What needs to be done - Repeat the data in full and exactly. Leave the pictures out.

Given information -
⟨

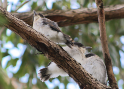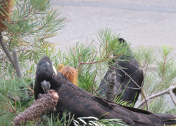 A knock at the front door interrupts a phone call. "Do you know there are black galahs in your front yard?"
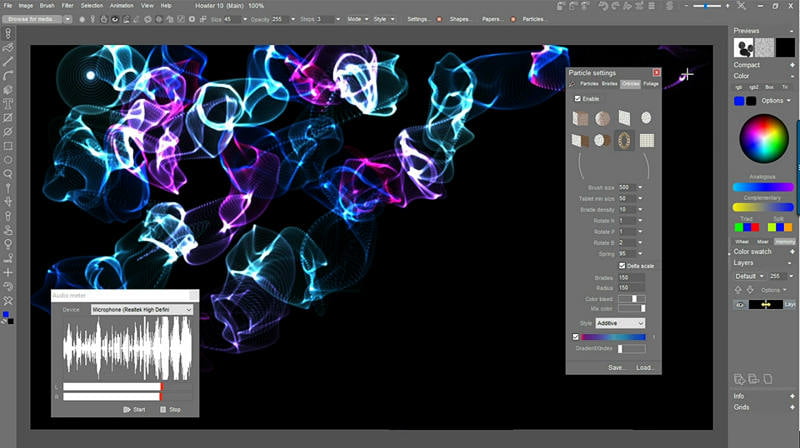 New features in the latest version of the painting and VFX software include: block interpolation (morph between a block of frames to fix missing or bad frames in a video), new color picker with integrated color themes, new and updated particle tools, orbicles brush responds to audio input, etc. More on Howler’s website.
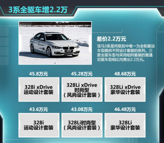 在一开始,我们先来了解一下宝马3系全驱车的售价,这也许是消费者最关心的问题。宝马 3系是同级别中唯一为全轮驱动车型提供不同设计套装的车型。华晨宝马在2014年5月22日正式推出了三款搭载xDrive智能全轮驱动系统的国产宝马3系全驱车,他们分别是售价45.8万元的宝马328i xDrive运动设计套装、售价45.28万元的宝马328Li xDrive时尚型(风尚设计套装)以及售价48.68万元的宝马328Li xDrive豪华设计套装。三款全驱车型与采用相同套装的普通后驱版本相比均贵出2.2万元。
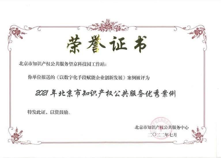 10、2022年8月,望京留创园知识产权工作站在全市63家知识产权工作站评比考核中,排名北京市并列第二,朝阳区第一。继2020年以来,连续两年蝉联朝阳第一,再度荣获“优秀工作站”称号。同时,望京留创园知识产权工作站《以数字化手段赋能企业创新发展》案例被评为“2021年北京市知识产权公共服务优秀案例”。

⟩

Exercise answer -
 A knock at the front door interrupts a phone call. "Do you know there are black galahs in your front yard?"
 New features in the latest version of the painting and VFX software include: block interpolation (morph between a block of frames to fix missing or bad frames in a video), new color picker with integrated color themes, new and updated particle tools, orbicles brush responds to audio input, etc. More on Howler’s website.
 在一开始,我们先来了解一下宝马3系全驱车的售价,这也许是消费者最关心的问题。宝马 3系是同级别中唯一为全轮驱动车型提供不同设计套装的车型。华晨宝马在2014年5月22日正式推出了三款搭载xDrive智能全轮驱动系统的国产宝马3系全驱车,他们分别是售价45.8万元的宝马328i xDrive运动设计套装、售价45.28万元的宝马328Li xDrive时尚型(风尚设计套装)以及售价48.68万元的宝马328Li xDrive豪华设计套装。三款全驱车型与采用相同套装的普通后驱版本相比均贵出2.2万元。
 10、2022年8月,望京留创园知识产权工作站在全市63家知识产权工作站评比考核中,排名北京市并列第二,朝阳区第一。继2020年以来,连续两年蝉联朝阳第一,再度荣获“优秀工作站”称号。同时,望京留创园知识产权工作站《以数字化手段赋能企业创新发展》案例被评为“2021年北京市知识产权公共服务优秀案例”。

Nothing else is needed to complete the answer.